Congratulations to the following members for their correct solution!(Cool)

1. Olinguito
2. Opalg
3. kaliprasad
4. lfdahl

Solution from Opalg:

Spoiler

Let $x^3 + px^2 + qx + r = 0$ be the equation with roots $\sqrt[3]a$, $\sqrt[3]b$, $\sqrt[3]c$. Then the equation $x + px^{2/3} + qx^{1/3} + r=0$ has roots $a$, $b$, $c$. Write that equation as $x+r = -x^{1/3}( px^{1/3} + q)$, and cube both sides: $$x^3 + 3rx^2 + 3r^2x + r^3 = -x(p^3x + 3pqx^{1/3}(px^{1/3} + q) + q^3) = -x(p^3x - 3pq(x+r) + q^3),$$ $$x^3 + (3r + p^3 - 3pq)x^2 + (3r^2 - 3pqr + q^3)x + r^3 = 0.$$ Compare that with the given equation $x^3 + 3x^2 - 24x + 1 = 0$ to see that $$3r + p^3 - 3pq = 3,\qquad 3r^2 - 3pqr + q^3 = -24, \qquad r^3 = 1.$$ Thus $r=1$, and the other two equations become $$p(p^2-3q) = 0, \qquad q(q^2-3p) = -27.$$ In the first of those equations, if $p^2-3q=0$ then $q = \frac13p^2$ and the second equation becomes $\frac{p^2}3\bigl(\frac{p^4}9 - 3p\bigr) = -27$, so that $p^3(p^3 - 27) = -27^2$. But then $\bigl(p^3 - \frac{27}2\bigr)^2 = -\frac34 \cdot27^2$, which is impossible.
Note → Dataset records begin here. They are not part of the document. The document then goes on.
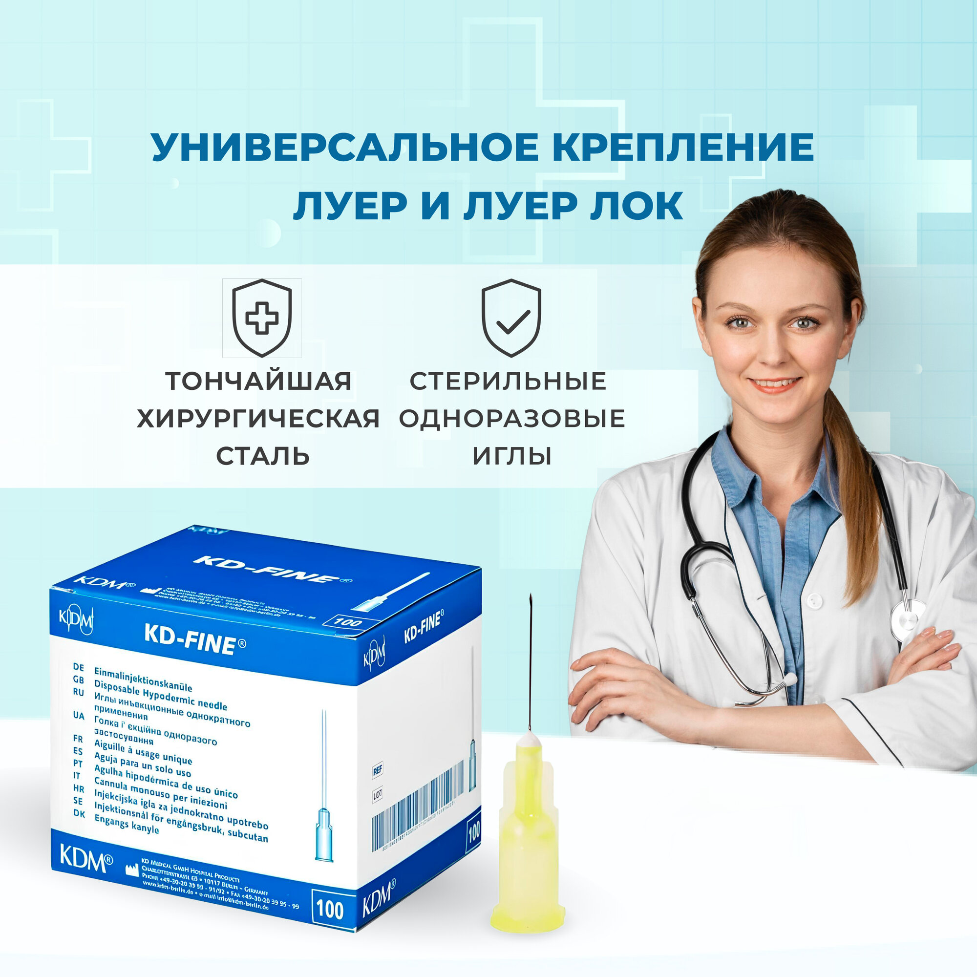 Иглы инъекционные стерильные KD-Fine 26G (0.45х12), 100 шт
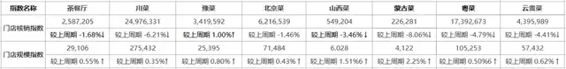 其中天津菜類目、臺灣菜類目、蒙古菜類目門店規模指數上漲明顯,分別上漲6.02%、2.82%、2.25%
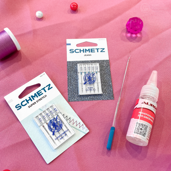 Кроме стандартной комплектации оборудования, в подарок прилагаются наборы игл Schmetz для джинса и супер стрейч, заправщик нитей для оверлока и машинное масло.
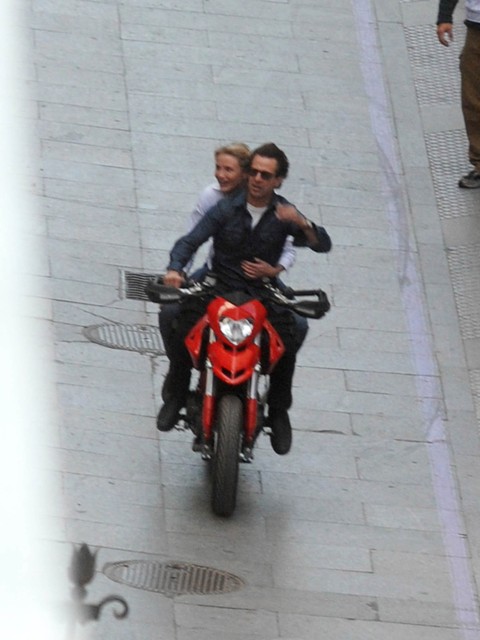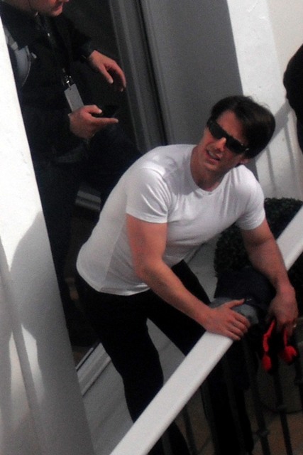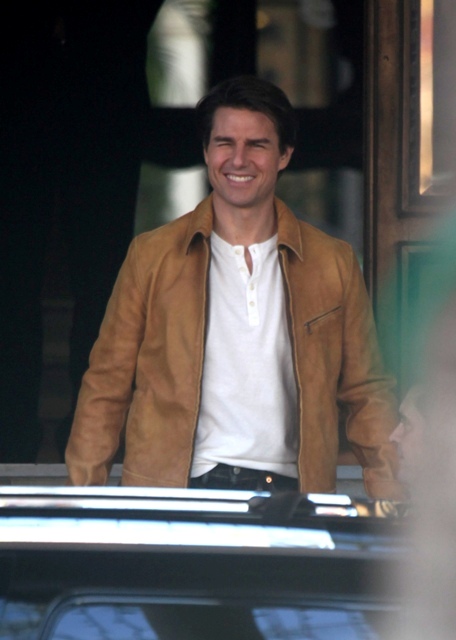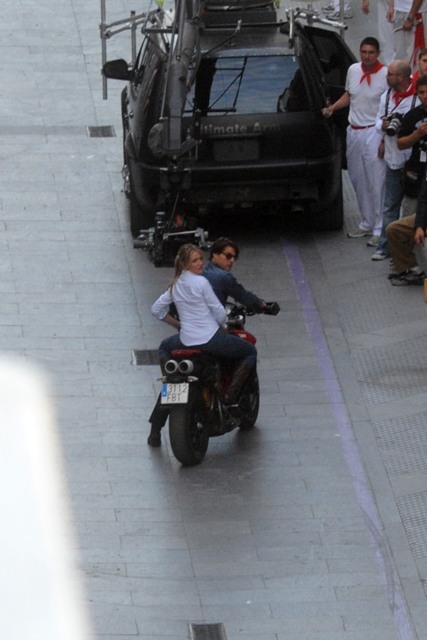 Tom Cruise is off in Europe having the time of his life shooting Knight & Day with Cameron Diaz, riding around on a motorcycle all manly man, waving at his public, grinning widely at the crowds gathering around the set.
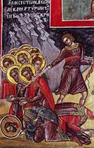 Пострадаше за Христа Господа у време гоњења Декијева 250. године. Њихова су имена: Теодул, Сатурнин, Евпор, Геласије, Евникијан, Зотик, Помпије, Авгатопус, Василид и Еварест. Сви беху угледни и чесни грађани, најбољи међу најбољим. Када их изведоше на губилиште, они беху радосни веома, и препираху се, ко ће од њих први бити посечен, јер сваки жељаше први поћи ка Христу љубљеном. Потом се помолише: „Прости, Господе, слугама Твојим, и прими изливену крв нашу за нас, за сроднике наше и пријатеље и за све отечество, да се сви ослободе од таме незнања и Тебе познаду, истиниту светлост, о Царе вечни!“ Посечени беху и у царство славе пређоше, да се радују вечно.
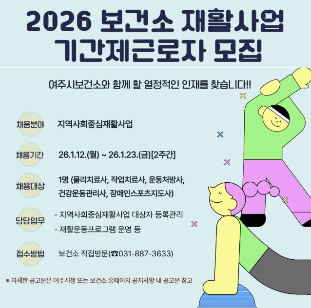 (플러스인뉴스) 여주시보건소는 지역 내 등록장애인과 예비장애인들의 건강관리를 위한 지역사회중심재활사업 추진을 위해 1월 12일부터 1월 23일까지 2주간 기간제근로자 채용 공고를 실시한다.
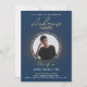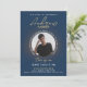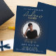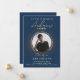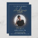It's time to celebrate your graduation and invite your guests to a party with this modern photo invitation. On the front there is a minimalist design with a fake gold and white modern script and a customisable photo on a dark navy blue background. The back is with the same simple, stylish blue background. You can change the photo and the texts and make a personalised invitation.

So $p^2-3q\ne0$ and therefore $p=0$ (and hence $q=-3$). Thus the equation with roots $\sqrt[3]a$, $\sqrt[3]b$, $\sqrt[3]c$ is $x^3 -3x + 1 = 0$. The coefficient of $x^2$ is zero and so the sum of the roots is zero. In other words, $\sqrt[3]a + \sqrt[3]b + \sqrt[3]c = 0$.